Start of DATA RECORDS
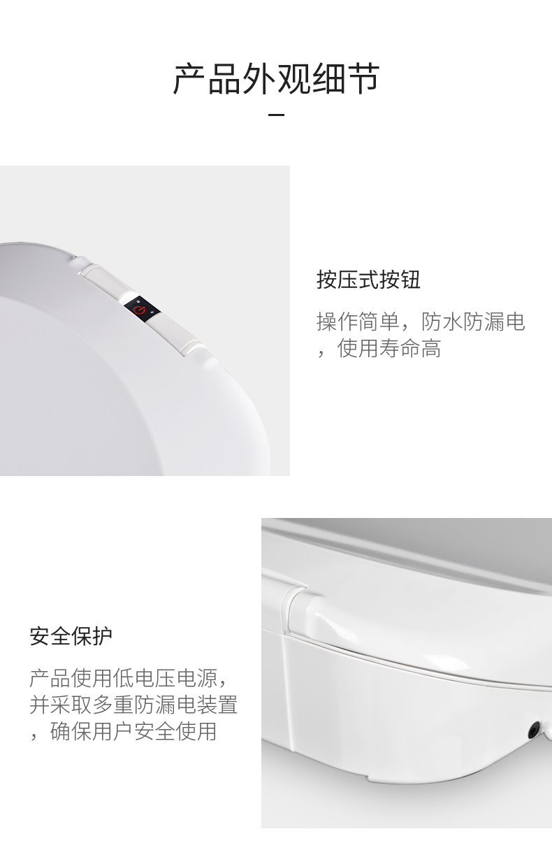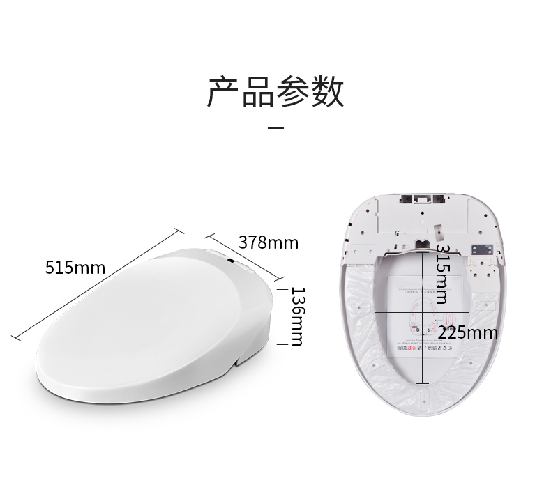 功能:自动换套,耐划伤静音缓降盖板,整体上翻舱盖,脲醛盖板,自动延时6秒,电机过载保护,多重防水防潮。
End of DATA RECORDS
Start of DATA RECORDS
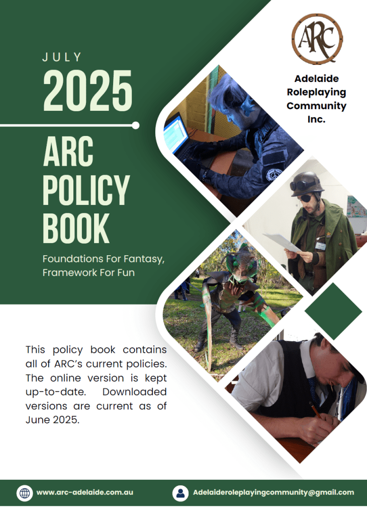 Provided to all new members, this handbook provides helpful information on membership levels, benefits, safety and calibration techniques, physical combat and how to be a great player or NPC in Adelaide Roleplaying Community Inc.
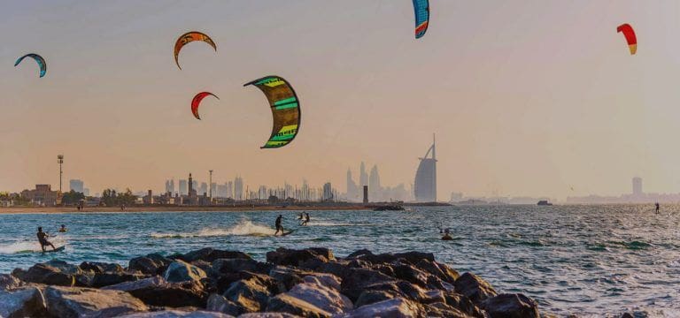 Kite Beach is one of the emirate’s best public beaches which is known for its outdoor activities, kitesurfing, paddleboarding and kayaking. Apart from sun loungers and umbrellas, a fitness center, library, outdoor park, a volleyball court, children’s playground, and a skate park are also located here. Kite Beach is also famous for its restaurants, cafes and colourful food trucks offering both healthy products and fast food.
End of DATA RECORDS
Start of DATA RECORDS
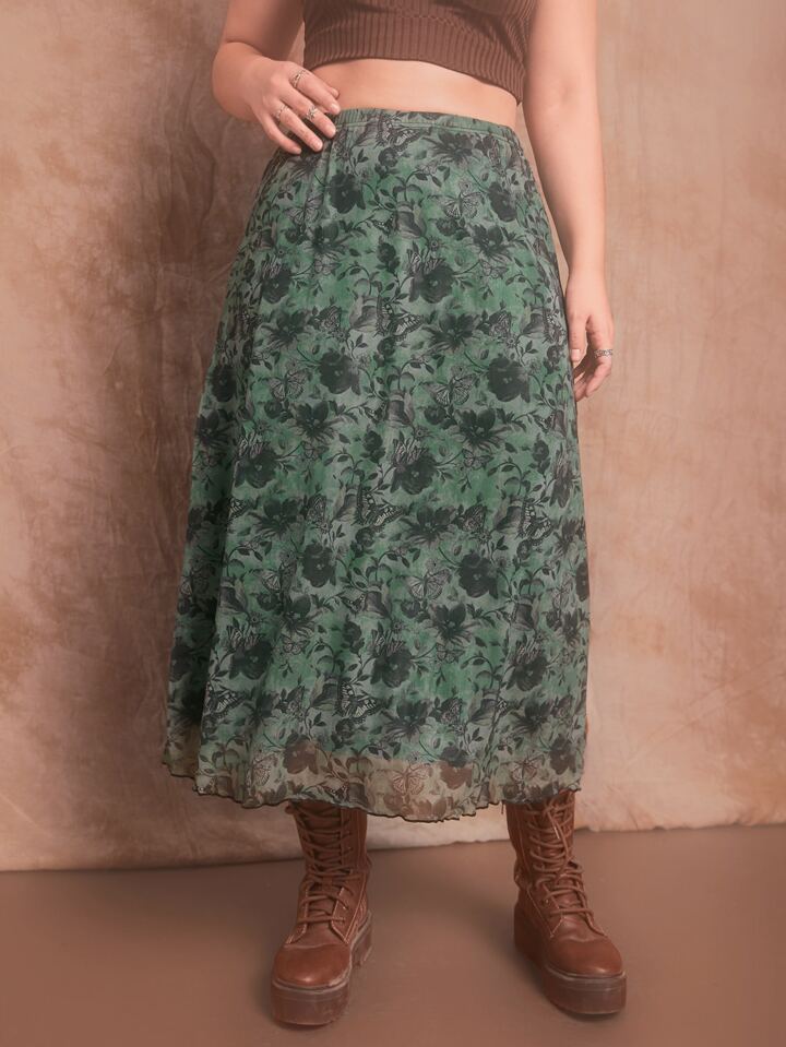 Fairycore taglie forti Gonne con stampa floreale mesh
End of DATA RECORDS
## HOW TO COMPLETE THIS TASK
A clean copy is needed of the lines above from the one with "Provided to all" up to and including the one with "Kite Beach is one". Please set it down exactly, with no pictures.

## TASK ANSWER
 Provided to all new members, this handbook provides helpful information on membership levels, benefits, safety and calibration techniques, physical combat and how to be a great player or NPC in Adelaide Roleplaying Community Inc.
 Kite Beach is one of the emirate’s best public beaches which is known for its outdoor activities, kitesurfing, paddleboarding and kayaking. Apart from sun loungers and umbrellas, a fitness center, library, outdoor park, a volleyball court, children’s playground, and a skate park are also located here. Kite Beach is also famous for its restaurants, cafes and colourful food trucks offering both healthy products and fast food.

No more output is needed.